Problem to work on: Check each line of the material for the string "grey", and copy the lines that have it.

Recorded information:

• • • • •

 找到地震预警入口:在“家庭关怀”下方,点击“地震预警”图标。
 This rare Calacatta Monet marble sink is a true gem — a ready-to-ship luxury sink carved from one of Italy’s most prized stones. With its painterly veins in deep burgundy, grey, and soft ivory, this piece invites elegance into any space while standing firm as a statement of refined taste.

• • • • •

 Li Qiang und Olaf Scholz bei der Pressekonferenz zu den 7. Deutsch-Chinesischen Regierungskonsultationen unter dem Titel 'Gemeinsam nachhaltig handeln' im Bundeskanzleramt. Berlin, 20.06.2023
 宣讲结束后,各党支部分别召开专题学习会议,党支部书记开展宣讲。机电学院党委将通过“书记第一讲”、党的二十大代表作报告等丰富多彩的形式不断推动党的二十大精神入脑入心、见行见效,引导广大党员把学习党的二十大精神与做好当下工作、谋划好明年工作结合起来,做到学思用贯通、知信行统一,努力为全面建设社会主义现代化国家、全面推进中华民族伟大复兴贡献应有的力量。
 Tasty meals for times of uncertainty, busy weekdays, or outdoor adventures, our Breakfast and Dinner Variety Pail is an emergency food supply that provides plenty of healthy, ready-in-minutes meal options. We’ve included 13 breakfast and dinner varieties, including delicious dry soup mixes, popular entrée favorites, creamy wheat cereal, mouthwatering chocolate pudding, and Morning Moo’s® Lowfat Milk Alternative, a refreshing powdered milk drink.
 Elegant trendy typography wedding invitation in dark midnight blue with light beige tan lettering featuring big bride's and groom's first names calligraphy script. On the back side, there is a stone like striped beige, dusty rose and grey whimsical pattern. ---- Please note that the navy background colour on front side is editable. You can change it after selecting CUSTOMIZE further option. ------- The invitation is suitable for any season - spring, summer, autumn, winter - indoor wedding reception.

• • • • •

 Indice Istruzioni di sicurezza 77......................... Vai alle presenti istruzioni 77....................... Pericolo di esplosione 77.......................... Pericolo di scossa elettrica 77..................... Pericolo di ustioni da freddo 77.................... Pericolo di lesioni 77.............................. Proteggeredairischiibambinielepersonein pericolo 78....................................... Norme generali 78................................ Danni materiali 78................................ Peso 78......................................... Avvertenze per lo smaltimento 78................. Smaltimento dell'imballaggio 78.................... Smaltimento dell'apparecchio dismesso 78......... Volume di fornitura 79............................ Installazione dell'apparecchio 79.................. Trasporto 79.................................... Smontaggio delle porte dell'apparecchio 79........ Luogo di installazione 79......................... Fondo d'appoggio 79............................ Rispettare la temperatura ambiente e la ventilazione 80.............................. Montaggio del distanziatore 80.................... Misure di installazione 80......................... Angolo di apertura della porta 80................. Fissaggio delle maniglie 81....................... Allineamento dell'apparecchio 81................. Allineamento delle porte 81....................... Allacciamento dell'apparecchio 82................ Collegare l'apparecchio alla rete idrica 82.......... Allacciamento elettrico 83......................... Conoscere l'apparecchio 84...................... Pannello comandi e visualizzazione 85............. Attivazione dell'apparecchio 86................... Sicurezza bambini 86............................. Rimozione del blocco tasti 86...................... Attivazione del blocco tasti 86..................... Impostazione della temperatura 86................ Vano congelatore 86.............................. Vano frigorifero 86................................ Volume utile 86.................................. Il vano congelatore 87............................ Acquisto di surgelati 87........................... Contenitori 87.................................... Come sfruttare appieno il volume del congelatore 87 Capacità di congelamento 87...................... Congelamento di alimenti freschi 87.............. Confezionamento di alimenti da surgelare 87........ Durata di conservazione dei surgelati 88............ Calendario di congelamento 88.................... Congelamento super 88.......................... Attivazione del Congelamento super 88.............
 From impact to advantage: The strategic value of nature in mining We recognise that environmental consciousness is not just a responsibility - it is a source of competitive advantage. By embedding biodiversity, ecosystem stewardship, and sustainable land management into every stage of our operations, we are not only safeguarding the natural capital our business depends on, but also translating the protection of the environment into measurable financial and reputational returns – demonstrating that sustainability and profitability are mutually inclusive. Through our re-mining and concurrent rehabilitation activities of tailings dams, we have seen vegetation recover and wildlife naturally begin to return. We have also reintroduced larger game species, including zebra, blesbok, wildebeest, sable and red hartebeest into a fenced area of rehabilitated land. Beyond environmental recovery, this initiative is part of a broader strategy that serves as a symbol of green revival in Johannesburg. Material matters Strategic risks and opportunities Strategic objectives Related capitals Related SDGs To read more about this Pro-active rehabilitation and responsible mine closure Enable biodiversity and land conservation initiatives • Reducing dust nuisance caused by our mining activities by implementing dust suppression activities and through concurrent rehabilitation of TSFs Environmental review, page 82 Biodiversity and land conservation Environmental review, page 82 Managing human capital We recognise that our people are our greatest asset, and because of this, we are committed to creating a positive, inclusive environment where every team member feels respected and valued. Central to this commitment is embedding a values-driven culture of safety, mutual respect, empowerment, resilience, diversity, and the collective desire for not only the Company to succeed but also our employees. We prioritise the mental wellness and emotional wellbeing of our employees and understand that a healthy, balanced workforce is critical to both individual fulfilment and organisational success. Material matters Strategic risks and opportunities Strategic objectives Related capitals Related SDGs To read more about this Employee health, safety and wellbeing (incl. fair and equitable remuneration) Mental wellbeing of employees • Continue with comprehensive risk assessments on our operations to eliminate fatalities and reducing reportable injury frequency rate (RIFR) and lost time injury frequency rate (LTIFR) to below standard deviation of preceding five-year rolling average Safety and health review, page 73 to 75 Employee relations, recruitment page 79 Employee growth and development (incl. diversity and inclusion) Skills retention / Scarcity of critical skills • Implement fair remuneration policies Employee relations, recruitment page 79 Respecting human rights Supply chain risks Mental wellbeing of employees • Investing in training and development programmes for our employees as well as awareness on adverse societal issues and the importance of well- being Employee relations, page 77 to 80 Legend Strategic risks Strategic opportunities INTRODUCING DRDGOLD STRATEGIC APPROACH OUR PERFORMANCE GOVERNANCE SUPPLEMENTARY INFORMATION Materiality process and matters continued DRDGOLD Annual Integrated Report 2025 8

• • • • •

Your response:
 This rare Calacatta Monet marble sink is a true gem — a ready-to-ship luxury sink carved from one of Italy’s most prized stones. With its painterly veins in deep burgundy, grey, and soft ivory, this piece invites elegance into any space while standing firm as a statement of refined taste.
 Elegant trendy typography wedding invitation in dark midnight blue with light beige tan lettering featuring big bride's and groom's first names calligraphy script. On the back side, there is a stone like striped beige, dusty rose and grey whimsical pattern. ---- Please note that the navy background colour on front side is editable. You can change it after selecting CUSTOMIZE further option. ------- The invitation is suitable for any season - spring, summer, autumn, winter - indoor wedding reception.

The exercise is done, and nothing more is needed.